__Required action__
Leaving out all pictures, give again each line exactly, from the start of the listing through the line that contains "Bambits is a".

__Source material__
===

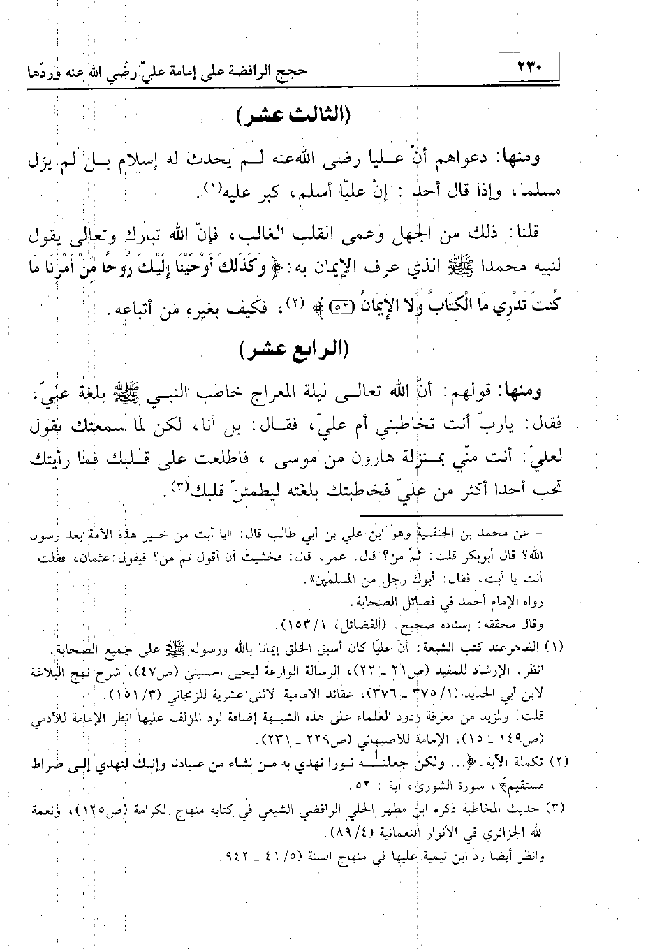 (قولهم إن الله تعالى ليلة المعراج خاطب النبي - صلى الله عليه وسلم - بلغة علي)
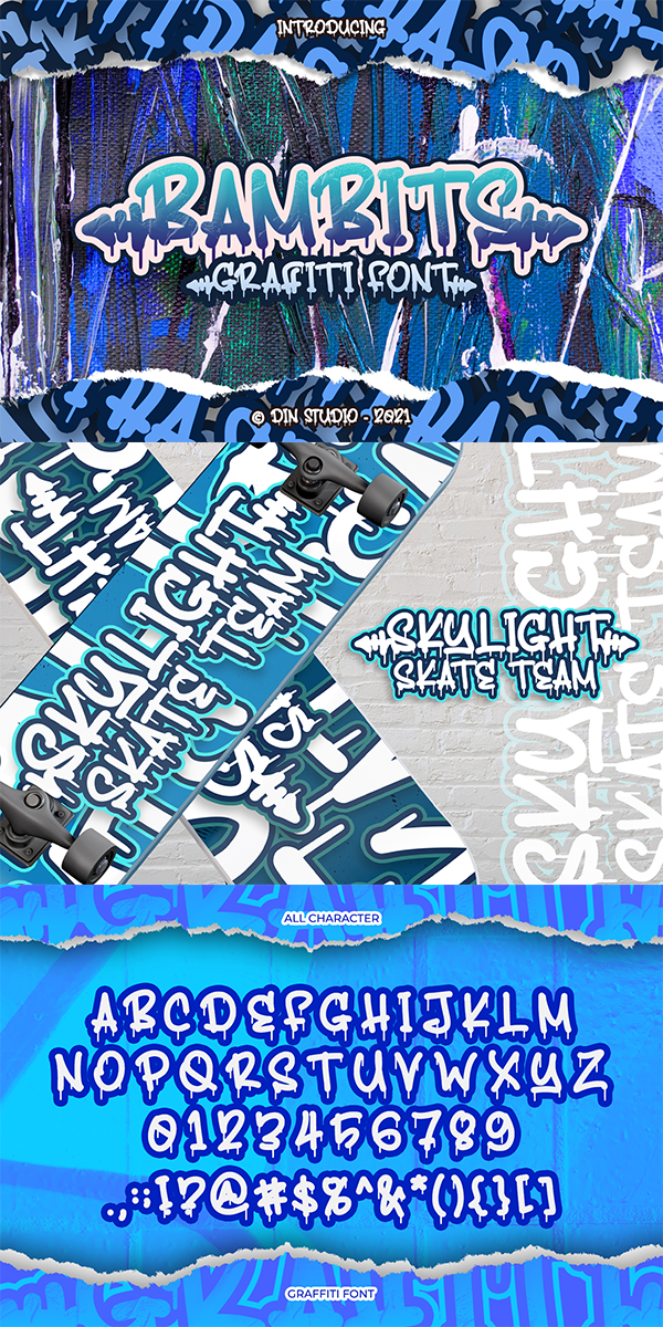 Bambits is a typeface that combines the bold bubble font design, with the graffiti aesthetic. An easy-to-read typeface, with a touch of character, the font is highly adaptable to the gritty urban style, and the dark vibe, to fit whatever your project needs. Create gorgeous printed quotes, standout packaging, or beautiful t-shirts!
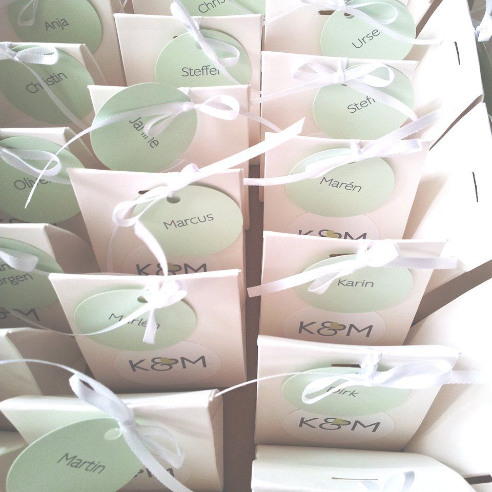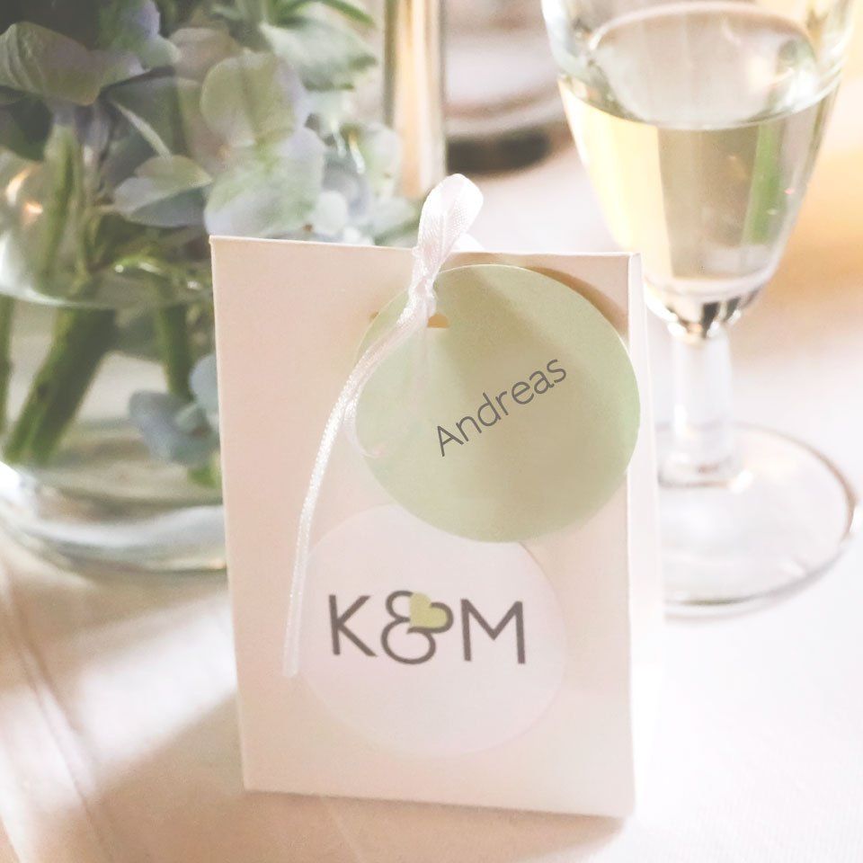 Passend zu den Einladungskarten durften wir die „Namenskärtchen“ liefern. Eine schöne schlichte weiße Box, die mit weißen Hochzeitsmandeln gefüllt ist, wird vom Namenskärtchen zum Gastgeschenk, das jeder mit nach Hause nehmen darf. Natürlich durften auch hier die Anfangsbuchstaben von Kristin und Marcel, das schlichte Grün und das Kreiselement nicht fehlen.

===

__Your solution__
 (قولهم إن الله تعالى ليلة المعراج خاطب النبي - صلى الله عليه وسلم - بلغة علي)
 Bambits is a typeface that combines the bold bubble font design, with the graffiti aesthetic. An easy-to-read typeface, with a touch of character, the font is highly adaptable to the gritty urban style, and the dark vibe, to fit whatever your project needs. Create gorgeous printed quotes, standout packaging, or beautiful t-shirts!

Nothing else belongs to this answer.